Last time we paused to think, we had just one when_pending_worker in our async_context. This worker was called cyw43_poll_worker, and its do_work function points to cyw43_poll_func(), listed above. This function ends up calling btstack_run_loop_poll_data_sources_from_irq().

Now we've added another when_pending_worker to this async_context! This one is called btstack_processing_worker. The do_work field of this worker points to btstack_work_pending().

As we saw, this function goes through the linked list of data sources (btstack_run_loop_base_data_sources) and executes the function pointed to by the process field of each of those data sources (we haven't added any data sources yet). It then goes through and runs any registered callbacks in the linked list of callback functions (btstack_run_loop_base_callbacks), and then it runs the process function of any at_time workers that are ready to run (in btstack_run_loop_base_timers). In the event that there are no more at_time workers, it removes the btstack_at_time_worker from our async_context list of at_time_workers. Otherwise, it updates the time for this at_time_worker for the next item in btstack_run_loop_base_timers. Note that all the do_work field for the at_time_worker of the context does is mark btstack_processing_worker as pending.

Remember how the do_work field of the cyw43_poll_worker ended up calling btstack_run_loop_poll_data_sources_from_irq()? Well this ends up calling the function below:

static void btstack_run_loop_async_context_poll_data_sources_from_irq(void)
{
    async_context_set_work_pending(btstack_async_context, &btstack_processing_worker);
}

As you can see, all this function does is mark btstack_processing_worker as pending. So, all roads lead to the do_work function of this worker, which is btstack_work_pending(). Let's now add a data source.

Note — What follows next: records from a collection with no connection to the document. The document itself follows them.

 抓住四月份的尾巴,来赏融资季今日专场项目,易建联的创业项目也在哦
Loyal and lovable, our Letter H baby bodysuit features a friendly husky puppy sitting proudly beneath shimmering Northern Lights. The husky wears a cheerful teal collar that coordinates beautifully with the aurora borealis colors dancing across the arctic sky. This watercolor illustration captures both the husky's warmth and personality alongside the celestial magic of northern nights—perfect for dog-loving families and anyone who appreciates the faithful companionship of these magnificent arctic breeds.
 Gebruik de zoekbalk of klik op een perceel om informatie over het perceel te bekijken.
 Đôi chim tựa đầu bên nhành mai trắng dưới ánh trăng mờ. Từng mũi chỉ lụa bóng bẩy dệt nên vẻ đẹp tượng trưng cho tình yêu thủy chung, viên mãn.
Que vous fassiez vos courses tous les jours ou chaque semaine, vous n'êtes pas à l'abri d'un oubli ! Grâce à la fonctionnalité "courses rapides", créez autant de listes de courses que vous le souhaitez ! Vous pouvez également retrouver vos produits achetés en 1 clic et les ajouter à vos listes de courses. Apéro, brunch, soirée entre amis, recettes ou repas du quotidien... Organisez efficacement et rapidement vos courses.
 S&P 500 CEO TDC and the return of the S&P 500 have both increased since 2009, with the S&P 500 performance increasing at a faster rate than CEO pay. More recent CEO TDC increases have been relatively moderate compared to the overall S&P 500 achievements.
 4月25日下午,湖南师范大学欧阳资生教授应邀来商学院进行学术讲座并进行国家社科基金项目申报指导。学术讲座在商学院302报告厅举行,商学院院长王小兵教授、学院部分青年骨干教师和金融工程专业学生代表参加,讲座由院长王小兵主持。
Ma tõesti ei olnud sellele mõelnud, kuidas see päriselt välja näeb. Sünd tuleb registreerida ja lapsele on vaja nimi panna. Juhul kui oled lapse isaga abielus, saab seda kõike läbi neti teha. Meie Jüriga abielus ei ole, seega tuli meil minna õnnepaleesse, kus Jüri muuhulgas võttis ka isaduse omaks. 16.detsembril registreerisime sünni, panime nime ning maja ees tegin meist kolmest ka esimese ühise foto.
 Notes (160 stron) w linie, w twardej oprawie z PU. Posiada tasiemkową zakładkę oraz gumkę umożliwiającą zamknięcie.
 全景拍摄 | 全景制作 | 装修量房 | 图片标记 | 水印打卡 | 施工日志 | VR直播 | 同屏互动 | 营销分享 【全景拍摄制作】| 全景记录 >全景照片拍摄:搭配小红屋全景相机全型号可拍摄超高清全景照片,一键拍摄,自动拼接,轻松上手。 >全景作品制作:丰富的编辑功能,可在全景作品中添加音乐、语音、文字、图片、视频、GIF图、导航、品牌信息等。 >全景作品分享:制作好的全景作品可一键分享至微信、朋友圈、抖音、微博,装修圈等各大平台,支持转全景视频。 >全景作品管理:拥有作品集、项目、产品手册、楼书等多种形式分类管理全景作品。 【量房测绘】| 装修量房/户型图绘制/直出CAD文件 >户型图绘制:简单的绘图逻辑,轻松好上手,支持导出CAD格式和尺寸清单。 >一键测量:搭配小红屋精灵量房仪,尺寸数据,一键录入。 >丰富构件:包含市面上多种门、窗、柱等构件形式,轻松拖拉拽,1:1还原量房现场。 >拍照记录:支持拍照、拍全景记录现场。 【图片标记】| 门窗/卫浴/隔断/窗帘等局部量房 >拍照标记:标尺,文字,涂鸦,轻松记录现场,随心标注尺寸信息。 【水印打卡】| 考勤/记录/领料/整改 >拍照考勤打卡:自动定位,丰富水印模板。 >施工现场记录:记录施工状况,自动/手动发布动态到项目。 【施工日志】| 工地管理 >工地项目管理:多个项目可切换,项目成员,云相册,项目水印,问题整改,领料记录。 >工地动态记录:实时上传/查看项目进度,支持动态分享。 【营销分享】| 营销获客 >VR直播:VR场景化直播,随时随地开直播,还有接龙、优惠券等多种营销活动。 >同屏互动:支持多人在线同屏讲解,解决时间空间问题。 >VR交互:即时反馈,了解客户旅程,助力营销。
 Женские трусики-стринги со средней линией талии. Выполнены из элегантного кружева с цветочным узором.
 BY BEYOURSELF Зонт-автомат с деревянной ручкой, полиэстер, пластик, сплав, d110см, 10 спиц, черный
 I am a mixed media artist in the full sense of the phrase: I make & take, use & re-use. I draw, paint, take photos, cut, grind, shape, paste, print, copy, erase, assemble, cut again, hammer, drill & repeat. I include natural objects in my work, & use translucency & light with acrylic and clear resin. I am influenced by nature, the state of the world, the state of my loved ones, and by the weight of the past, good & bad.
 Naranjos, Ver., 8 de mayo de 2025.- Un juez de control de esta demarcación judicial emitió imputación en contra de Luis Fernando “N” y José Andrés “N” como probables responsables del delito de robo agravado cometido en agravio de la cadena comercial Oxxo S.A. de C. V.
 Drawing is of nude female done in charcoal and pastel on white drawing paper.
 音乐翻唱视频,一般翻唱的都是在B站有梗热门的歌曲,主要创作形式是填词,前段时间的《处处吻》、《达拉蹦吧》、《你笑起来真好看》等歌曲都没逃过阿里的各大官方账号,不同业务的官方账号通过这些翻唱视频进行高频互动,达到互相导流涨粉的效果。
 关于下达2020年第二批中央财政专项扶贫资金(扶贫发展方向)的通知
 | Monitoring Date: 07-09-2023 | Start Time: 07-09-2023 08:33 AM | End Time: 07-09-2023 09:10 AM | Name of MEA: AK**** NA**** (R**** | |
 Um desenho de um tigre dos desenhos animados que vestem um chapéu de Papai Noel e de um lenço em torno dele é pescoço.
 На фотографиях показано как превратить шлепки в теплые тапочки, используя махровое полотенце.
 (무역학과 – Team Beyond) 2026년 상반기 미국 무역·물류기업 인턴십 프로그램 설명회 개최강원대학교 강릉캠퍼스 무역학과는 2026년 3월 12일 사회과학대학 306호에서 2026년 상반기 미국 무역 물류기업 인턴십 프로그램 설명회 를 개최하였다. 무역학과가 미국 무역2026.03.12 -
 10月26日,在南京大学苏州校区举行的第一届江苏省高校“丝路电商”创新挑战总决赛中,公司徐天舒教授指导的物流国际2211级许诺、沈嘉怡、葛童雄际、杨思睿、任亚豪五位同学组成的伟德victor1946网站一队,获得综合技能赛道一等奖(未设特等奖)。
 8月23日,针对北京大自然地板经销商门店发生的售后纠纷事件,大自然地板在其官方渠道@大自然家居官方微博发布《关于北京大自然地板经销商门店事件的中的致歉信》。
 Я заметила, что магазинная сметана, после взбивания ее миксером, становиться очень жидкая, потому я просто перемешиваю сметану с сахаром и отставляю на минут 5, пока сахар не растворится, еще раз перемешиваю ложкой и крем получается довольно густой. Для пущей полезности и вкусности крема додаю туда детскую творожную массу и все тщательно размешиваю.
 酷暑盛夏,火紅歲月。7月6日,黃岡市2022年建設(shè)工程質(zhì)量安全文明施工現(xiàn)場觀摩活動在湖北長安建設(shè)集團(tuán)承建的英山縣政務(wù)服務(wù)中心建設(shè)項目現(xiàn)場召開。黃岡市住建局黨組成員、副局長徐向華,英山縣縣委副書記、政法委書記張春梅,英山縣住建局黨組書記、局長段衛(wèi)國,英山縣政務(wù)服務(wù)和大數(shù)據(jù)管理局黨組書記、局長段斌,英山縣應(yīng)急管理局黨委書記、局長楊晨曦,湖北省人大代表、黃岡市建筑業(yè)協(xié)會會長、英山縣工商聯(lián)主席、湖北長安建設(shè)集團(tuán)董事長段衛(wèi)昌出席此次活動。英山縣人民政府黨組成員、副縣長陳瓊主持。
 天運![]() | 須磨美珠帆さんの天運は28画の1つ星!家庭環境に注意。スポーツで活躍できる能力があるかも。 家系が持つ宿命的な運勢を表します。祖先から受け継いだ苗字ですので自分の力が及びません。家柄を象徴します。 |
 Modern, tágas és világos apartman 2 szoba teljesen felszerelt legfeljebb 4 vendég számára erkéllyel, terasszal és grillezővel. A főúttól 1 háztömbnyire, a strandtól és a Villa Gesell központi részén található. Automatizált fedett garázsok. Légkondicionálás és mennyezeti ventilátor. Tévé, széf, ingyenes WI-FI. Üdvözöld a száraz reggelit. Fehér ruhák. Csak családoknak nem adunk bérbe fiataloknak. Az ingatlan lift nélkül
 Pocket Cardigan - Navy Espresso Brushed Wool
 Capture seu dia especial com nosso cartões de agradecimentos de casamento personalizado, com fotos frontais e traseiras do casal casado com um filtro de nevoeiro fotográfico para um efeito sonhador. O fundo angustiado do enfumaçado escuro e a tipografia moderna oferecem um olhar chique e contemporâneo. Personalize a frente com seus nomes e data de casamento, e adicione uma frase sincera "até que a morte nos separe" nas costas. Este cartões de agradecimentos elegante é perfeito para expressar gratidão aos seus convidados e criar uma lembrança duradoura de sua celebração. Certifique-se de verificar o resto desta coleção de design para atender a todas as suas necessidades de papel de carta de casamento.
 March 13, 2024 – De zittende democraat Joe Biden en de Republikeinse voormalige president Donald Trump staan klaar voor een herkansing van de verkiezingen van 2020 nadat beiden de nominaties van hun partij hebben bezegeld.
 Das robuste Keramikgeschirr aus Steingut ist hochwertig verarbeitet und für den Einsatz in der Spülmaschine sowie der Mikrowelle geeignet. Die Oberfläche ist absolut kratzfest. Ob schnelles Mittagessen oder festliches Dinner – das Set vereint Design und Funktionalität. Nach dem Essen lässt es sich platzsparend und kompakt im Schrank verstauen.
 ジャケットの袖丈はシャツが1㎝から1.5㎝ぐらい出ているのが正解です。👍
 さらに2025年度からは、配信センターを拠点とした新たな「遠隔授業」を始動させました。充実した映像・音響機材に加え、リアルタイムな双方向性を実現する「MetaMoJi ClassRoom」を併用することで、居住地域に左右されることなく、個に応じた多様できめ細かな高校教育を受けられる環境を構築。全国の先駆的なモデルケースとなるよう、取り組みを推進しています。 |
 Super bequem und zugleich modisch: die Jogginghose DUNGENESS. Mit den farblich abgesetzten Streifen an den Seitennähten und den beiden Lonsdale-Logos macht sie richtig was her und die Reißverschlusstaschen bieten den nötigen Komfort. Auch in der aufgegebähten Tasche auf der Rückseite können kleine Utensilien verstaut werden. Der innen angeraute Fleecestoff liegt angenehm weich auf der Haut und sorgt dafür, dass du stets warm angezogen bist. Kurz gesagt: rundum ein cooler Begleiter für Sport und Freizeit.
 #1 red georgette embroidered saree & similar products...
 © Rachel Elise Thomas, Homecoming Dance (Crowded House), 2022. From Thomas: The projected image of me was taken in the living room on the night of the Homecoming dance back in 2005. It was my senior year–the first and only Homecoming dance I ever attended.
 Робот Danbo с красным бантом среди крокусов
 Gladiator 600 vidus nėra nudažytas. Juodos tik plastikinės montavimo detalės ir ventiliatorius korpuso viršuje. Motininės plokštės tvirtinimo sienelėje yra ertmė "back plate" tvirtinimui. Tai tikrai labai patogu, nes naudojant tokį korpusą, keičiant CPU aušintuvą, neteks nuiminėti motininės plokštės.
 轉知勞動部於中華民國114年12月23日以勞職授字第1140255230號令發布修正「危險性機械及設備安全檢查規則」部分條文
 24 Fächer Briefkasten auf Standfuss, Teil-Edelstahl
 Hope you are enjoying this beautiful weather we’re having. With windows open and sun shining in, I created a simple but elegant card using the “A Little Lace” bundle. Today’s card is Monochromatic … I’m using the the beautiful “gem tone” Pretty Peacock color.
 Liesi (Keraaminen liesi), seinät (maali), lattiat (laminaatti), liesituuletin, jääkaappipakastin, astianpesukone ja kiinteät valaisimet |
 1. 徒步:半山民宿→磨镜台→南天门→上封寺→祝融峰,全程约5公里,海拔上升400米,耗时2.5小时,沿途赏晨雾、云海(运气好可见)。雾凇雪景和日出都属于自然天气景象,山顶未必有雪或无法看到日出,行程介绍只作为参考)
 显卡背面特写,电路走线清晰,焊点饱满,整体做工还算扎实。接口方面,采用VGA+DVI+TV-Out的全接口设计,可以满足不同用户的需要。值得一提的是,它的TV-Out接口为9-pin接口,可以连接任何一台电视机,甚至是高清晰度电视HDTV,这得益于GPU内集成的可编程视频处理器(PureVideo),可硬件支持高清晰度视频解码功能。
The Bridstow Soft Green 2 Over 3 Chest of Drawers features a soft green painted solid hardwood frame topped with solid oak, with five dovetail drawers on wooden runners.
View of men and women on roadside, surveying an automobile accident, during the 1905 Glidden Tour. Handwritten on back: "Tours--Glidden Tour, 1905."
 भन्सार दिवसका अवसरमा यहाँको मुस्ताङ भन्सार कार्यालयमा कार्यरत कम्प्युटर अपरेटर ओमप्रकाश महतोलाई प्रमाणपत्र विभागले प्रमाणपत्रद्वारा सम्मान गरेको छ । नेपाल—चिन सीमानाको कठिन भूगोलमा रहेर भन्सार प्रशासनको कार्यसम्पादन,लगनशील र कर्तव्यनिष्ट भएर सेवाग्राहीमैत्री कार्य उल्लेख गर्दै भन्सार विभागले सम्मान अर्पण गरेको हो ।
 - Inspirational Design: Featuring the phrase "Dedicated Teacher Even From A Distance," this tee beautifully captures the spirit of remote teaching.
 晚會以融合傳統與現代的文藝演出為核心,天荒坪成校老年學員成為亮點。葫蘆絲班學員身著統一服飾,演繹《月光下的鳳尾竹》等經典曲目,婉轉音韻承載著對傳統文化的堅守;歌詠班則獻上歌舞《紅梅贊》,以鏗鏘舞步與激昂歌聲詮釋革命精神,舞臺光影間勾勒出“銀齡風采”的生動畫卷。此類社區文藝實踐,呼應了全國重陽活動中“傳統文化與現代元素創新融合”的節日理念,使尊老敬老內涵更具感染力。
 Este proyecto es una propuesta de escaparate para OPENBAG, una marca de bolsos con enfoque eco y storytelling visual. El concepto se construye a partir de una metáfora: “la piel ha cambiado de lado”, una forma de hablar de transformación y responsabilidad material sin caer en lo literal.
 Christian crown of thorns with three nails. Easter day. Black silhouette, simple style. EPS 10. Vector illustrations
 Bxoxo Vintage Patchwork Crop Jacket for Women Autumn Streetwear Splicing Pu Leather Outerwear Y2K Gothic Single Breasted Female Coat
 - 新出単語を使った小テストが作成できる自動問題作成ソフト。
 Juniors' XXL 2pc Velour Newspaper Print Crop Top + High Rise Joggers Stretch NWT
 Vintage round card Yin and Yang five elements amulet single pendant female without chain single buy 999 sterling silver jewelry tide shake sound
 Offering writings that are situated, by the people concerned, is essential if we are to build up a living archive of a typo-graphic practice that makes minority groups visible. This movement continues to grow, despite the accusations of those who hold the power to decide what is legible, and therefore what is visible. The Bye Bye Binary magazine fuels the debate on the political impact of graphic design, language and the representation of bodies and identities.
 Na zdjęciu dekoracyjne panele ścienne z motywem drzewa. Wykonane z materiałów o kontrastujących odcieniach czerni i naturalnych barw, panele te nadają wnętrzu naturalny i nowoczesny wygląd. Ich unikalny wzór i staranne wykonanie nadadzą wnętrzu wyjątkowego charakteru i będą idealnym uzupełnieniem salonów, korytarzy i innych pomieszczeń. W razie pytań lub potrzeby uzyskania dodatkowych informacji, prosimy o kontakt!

Bluetooth as a data source

Let's pop back up to btstack_cyw43_init(async_context_t *context). That function is copied again below:

bool btstack_cyw43_init(async_context_t *context) {
    // Initialise bluetooth
    btstack_memory_init();
    btstack_run_loop_init(btstack_run_loop_async_context_get_instance(context));

#if WANT_HCI_DUMP
#ifdef ENABLE_SEGGER_RTT
    hci_dump_init(hci_dump_segger_rtt_stdout_get_instance());
#else
    hci_dump_init(hci_dump_embedded_stdout_get_instance());
#endif
#endif

    hci_init(hci_transport_cyw43_instance(), NULL);

    // setup TLV storage
    setup_tlv();
    return true;
}

The next line that executes (assuming we don't want an HCI dump) is hci_init(hci_transport_cyw43_instance(), NULL);. Let's take a look at that inner function, hci_transport_cyw43_instance():

// configure and return hci transport singleton
static const hci_transport_t hci_transport_cyw43 = {
        /* const char * name; */                                        "CYW43",
        /* void   (*init) (const void *transport_config); */            &hci_transport_cyw43_init,
        /* int    (*open)(void); */                                     &hci_transport_cyw43_open,
        /* int    (*close)(void); */                                    &hci_transport_cyw43_close,
        /* void   (*register_packet_handler)(void (*handler)(...); */   &hci_transport_cyw43_register_packet_handler,
        /* int    (*can_send_packet_now)(uint8_t packet_type); */       &hci_transport_cyw43_can_send_now,
        /* int    (*send_packet)(...); */                               &hci_transport_cyw43_send_packet,
        /* int    (*set_baudrate)(uint32_t baudrate); */                NULL,
        /* void   (*reset_link)(void); */                               NULL,
        /* void   (*set_sco_config)(uint16_t voice_setting, int num_connections); */ NULL,
};

const hci_transport_t *hci_transport_cyw43_instance(void) {
    return &hci_transport_cyw43;
}

This function returns a pointer to the globally declared hci_transport_cyw43 object, which is of type hci_transport_t. This object points to a collection of functions which implement the RP2040-specific logic for doing transport between microcontroller and CYW43. We'll look at a few of these in more detail, but let's remain at this level of abstraction for the moment.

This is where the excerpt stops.